Hopefully, no one on this board knows what it’s like to live the life the subject family did. Who is to say that the parents UNDERSTOOD diabetes? Who is to say they were literate, or had easy access to healthcare (let alone medication)? Yes, the article states that the father is diabetic, but the fact that he’s alive may mean he is Type 2 which requires relatively less maintenance and medication than Type 1. Even so, if there is no understanding – no concept – of the disease or its complications, does that qualify as murderous intent? What about Social Services? Surely, the agency came across this family’s trevails more than once.
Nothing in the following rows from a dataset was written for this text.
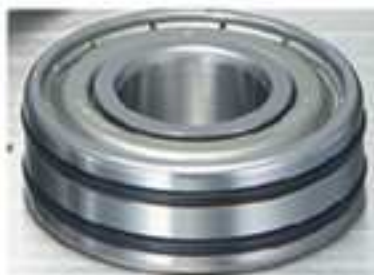
Fig.1 Creep-free Bearing

The creep-free bearings are introduced to production engines shipped from September 2019 and thereafter. (The priming pump of 6EY18(A)L engines destined to the Japanese shipyards, because of differences of parts (made by MANSEI INC.), are outside the scope of this Service News.)
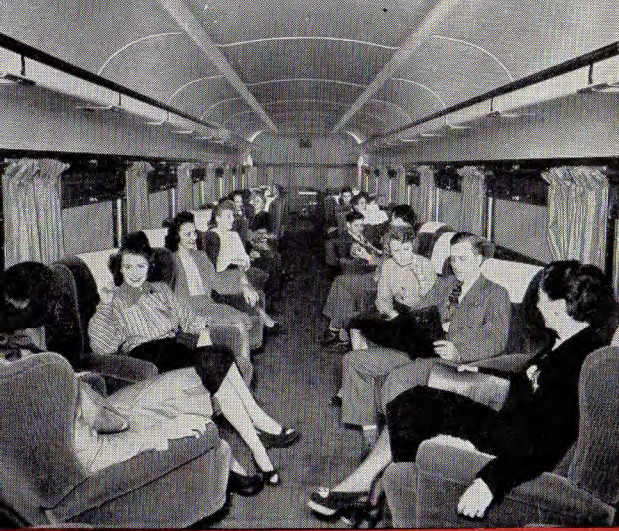
Spaciousness and comfort are the keynotes of the delightful parlor car.
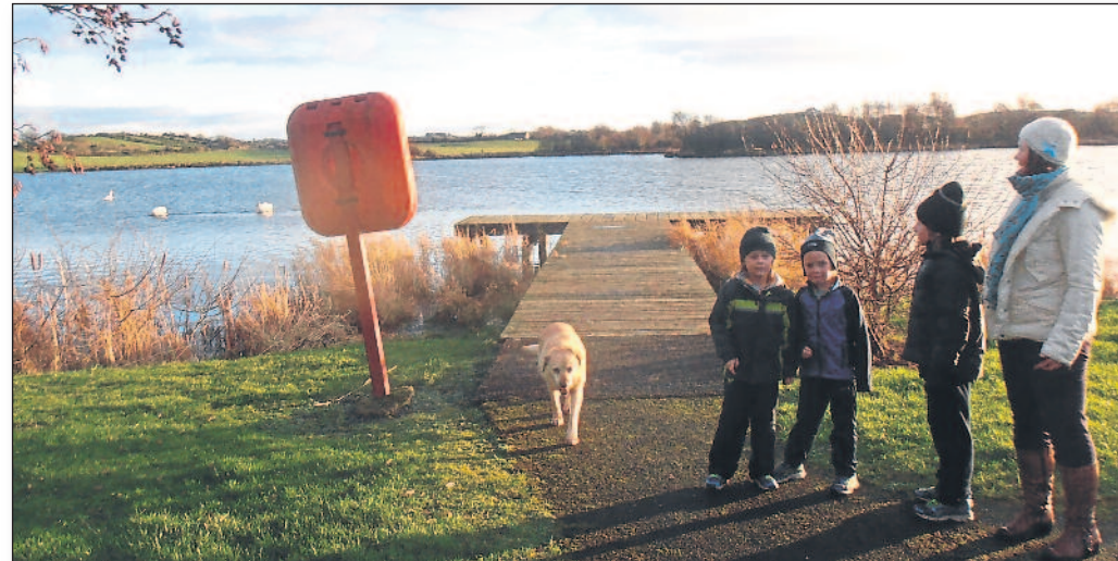
■ COUNTRY WALKS: A local farming family enjoys a post Christmas walk and the pretty lakeside views of Kiltybane Lake, Cullyhanna, south Armagh. FW-1D.

There's a utility room with washing machine, tumbler dryer, etc, and outside, a separate building for wet gear storage including
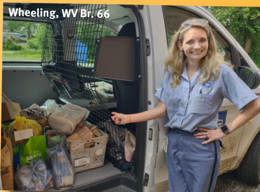
Wheeling, WV Br. 66
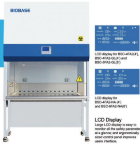
LCD display for BSC-4FA2-GL(4), BSC-4FA2-GL(4) and BSC-4FA2-GL(3)
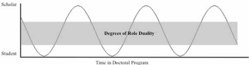
Figure 2: Oscillating Role Identity

The answer to the second research question highlighted that each student’s journey was different; however, the salient commonality that aided significantly in the navigation of their doctoral process was the creation of support communities. Whether it was peer-to-peer or mentor-advisor support, the participants explicitly stated throughout the interviews that
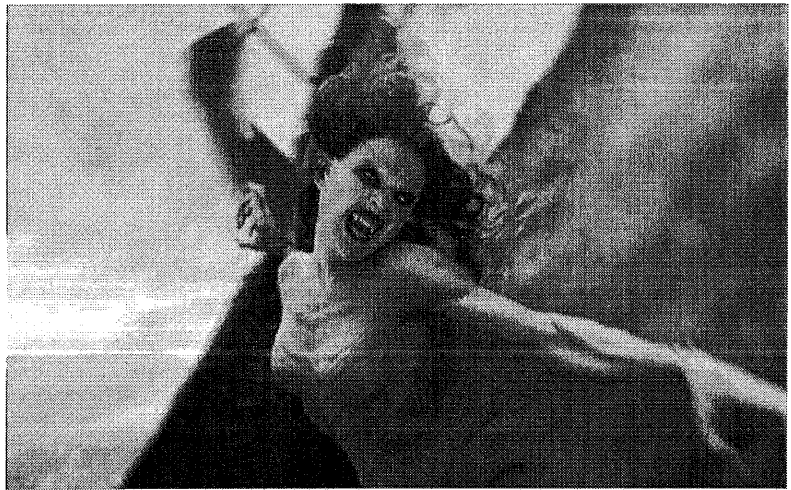
Figure 1. A highly attention-demanding alpha predator from Van Helsing (2004)

You're trapped. Some monstrous and malevolent force—weird, alien, and hideous—is about to take your life, devour your flesh, and consume your soul.
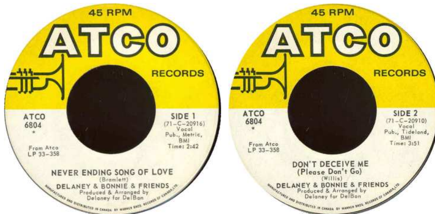
Canadian release with a little intro before the piano goes on
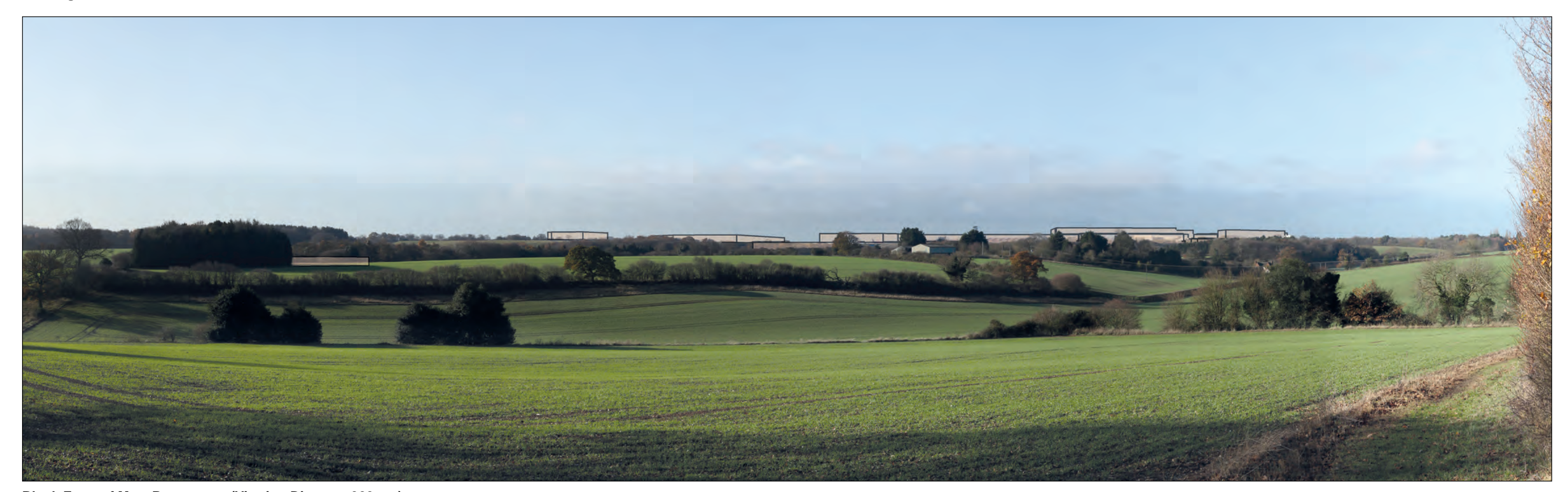
Block Form of Max. Parameters (Viewing Distance 300mm)
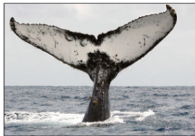
A whale's tail

Whales are amazing creatures who live in the ocean. They may look like fish, but they are mammals. Using a blowhole on the top of their head, whales breathe air into their lungs. Despite their large size, whales can move quickly by moving their tail up and down. Did you know that each of their tails is unique just like our fingerprints?
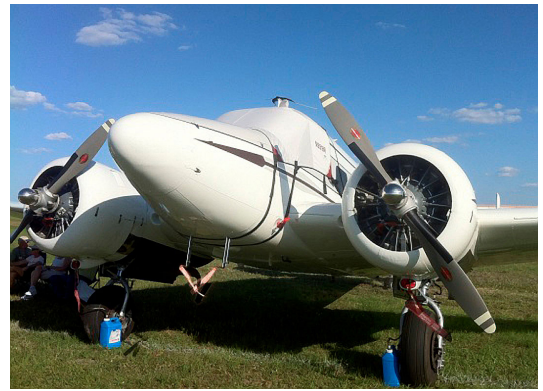
Beech 18 Cockpit Cover & Carb Inlet Plugs
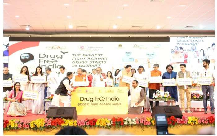
Drug Free India Campaign
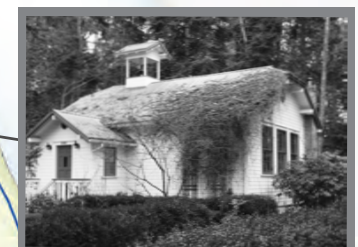
#5 Mabana Schoolhouse 1916 3648 South Camano Dr. Privately Owned Open for special events
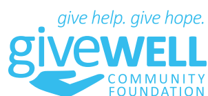
1-COLOR BRILLIANT BLUE FORMAT
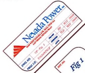
Fig 1 of 2
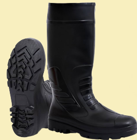
» Steel Toe Boot Safety Shoes
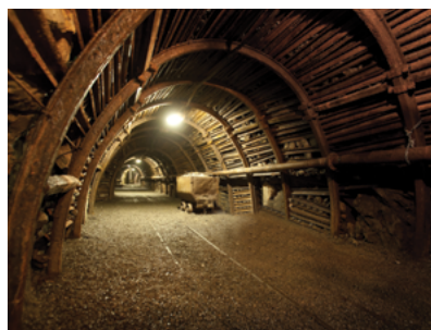
View of one of the gallery
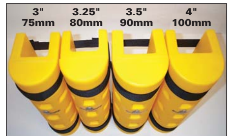
Available in widths to protect rack upright 3" to 4.75". 3" (75mm) is available with 6" cutout to accommodate horizontal beams

I could feel just as angry, just as shocked and dismayed as anyone else. But as one whose own grandmother lived in a similar condition as this family, knowing the struggle her children went through to get her to “clean up her act,” there simply are people who cannot be convinced that there is another way to live. I feel worst for the children because, as children, they are powerless to change their environment.

Although I cannot be angry with the family, I can certainly be angry with anyone who might have been in a position to help but didn’t. Even so, our society is so big on the “pull yourself up by the boot straps” mentality, no wonder no one felt compelled to help.

No, I don’t know all of the truths behind this story – but I don’t think anyone else here knows, either.

thanks for expressing compassion. Ms. EV. I was wondering about all of the above as well. We cannot judge others intent if we do not know the circumstances.

God Bless,
Brunetta

I am 46 years old and have been registered to vote since 18. I have only been called to jury duty ONCE and had to be waved because my daughter was a baby. How is that statistically possible, I want to know?